BEGIN EXERCISE DATA
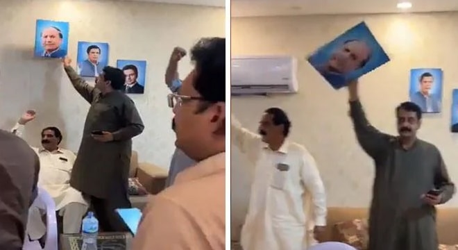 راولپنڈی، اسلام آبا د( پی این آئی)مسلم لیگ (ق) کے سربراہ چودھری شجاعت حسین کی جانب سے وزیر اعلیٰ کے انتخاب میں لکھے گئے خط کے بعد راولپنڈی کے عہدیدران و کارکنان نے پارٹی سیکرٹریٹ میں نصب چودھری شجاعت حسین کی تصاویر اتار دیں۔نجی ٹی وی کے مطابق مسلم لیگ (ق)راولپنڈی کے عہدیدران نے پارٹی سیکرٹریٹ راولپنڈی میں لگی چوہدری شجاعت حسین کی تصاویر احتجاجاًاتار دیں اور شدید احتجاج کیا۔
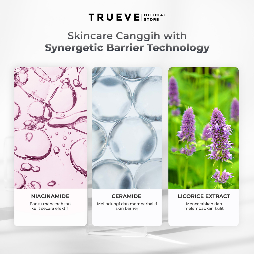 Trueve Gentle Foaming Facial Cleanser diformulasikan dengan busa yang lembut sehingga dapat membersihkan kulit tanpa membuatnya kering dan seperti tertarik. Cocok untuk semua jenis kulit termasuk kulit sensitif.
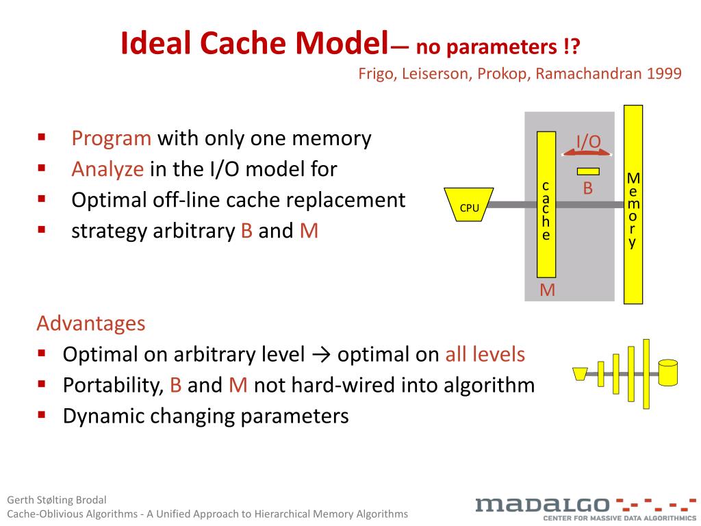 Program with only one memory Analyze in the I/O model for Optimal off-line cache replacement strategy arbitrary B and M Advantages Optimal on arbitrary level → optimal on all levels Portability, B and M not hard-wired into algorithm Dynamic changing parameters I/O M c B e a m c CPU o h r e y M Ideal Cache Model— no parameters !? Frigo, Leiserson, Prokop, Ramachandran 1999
END EXERCISE DATA
BEGIN EXERCISE DATA
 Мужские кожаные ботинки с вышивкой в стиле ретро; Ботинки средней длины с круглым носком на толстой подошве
END EXERCISE DATA
What are the lines above from the one with "راولپنڈی، اسلام آبا" to the one with "Program with only", both included? Reproduce them exactly, without pictures.

* RESULT OF THE EXERCISE:
 راولپنڈی، اسلام آبا د( پی این آئی)مسلم لیگ (ق) کے سربراہ چودھری شجاعت حسین کی جانب سے وزیر اعلیٰ کے انتخاب میں لکھے گئے خط کے بعد راولپنڈی کے عہدیدران و کارکنان نے پارٹی سیکرٹریٹ میں نصب چودھری شجاعت حسین کی تصاویر اتار دیں۔نجی ٹی وی کے مطابق مسلم لیگ (ق)راولپنڈی کے عہدیدران نے پارٹی سیکرٹریٹ راولپنڈی میں لگی چوہدری شجاعت حسین کی تصاویر احتجاجاًاتار دیں اور شدید احتجاج کیا۔
 Trueve Gentle Foaming Facial Cleanser diformulasikan dengan busa yang lembut sehingga dapat membersihkan kulit tanpa membuatnya kering dan seperti tertarik. Cocok untuk semua jenis kulit termasuk kulit sensitif.
 Program with only one memory Analyze in the I/O model for Optimal off-line cache replacement strategy arbitrary B and M Advantages Optimal on arbitrary level → optimal on all levels Portability, B and M not hard-wired into algorithm Dynamic changing parameters I/O M c B e a m c CPU o h r e y M Ideal Cache Model— no parameters !? Frigo, Leiserson, Prokop, Ramachandran 1999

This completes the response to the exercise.